Even better!  Thank you for the fix.

> Thanks a lot for so exhaustive report. And I am sorry that you
> probably spent a lot of time with it.

Well, actually, it was the first time that I turned "git bisect run"
loose on a full (and fully scripted) remote RCU run.  Each step involved
checking out 20 systems from the test group, building 20 kernels,
downloading the build products to each of the 20 systems, running each
of 286 guest OSes (15 each for 19 of the kernels and one instance of
the large one) spread over the 20 systems, waiting for them to finish,
uploading the test results, returning the systems to the test group,
analyzing them, and reporting either success (all runs succeeded) or
failure (at least one failure across the 286 kernels.  Then my grepping
through the run results directory to get you the failure rate.  Of course,
that failure rate indicates that I could have done the bisection more
quickly and with much less hardware, but that would have required me to
stop the other things I was doing and actually think about this.
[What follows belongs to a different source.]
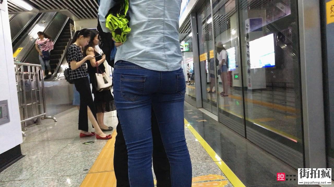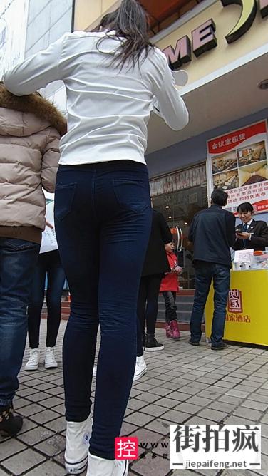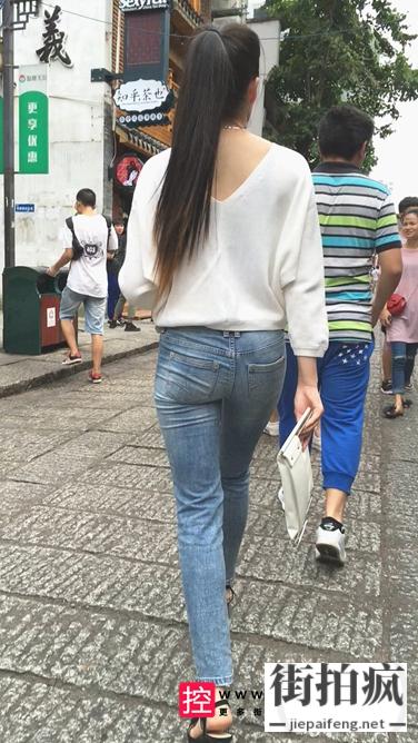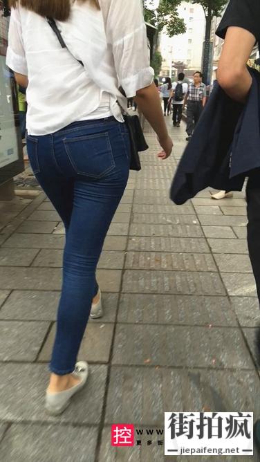 [牛仔裤] 街头跟拍蓝色牛仔裤高挑身材饱满翘臀美眉[282M/MOV]

Each step took somewhere between 90 minutes and two hours on a total of
1600 CPUs, and all ~11 bisection steps completed without my intervention.
Thus far, neither the test grid, the systems, the scripting, nor git
bisect have complained about my having wasted their time, but what with
AI they probably soon will do so.

I am somewhat surprised that it all went through without something
breaking, but I guess that we all get lucky from time to time.  ;-)

So not a lot of work for me, which is a good thing, given that I had
lots of other distractions, including another much more troublesome
bisection on ARM that actually found a bug that had not yet been fixed.
A trivial bug, admittedly, but such is life!

And again, thank you for so quickly fixing this!

							Thanx, Paul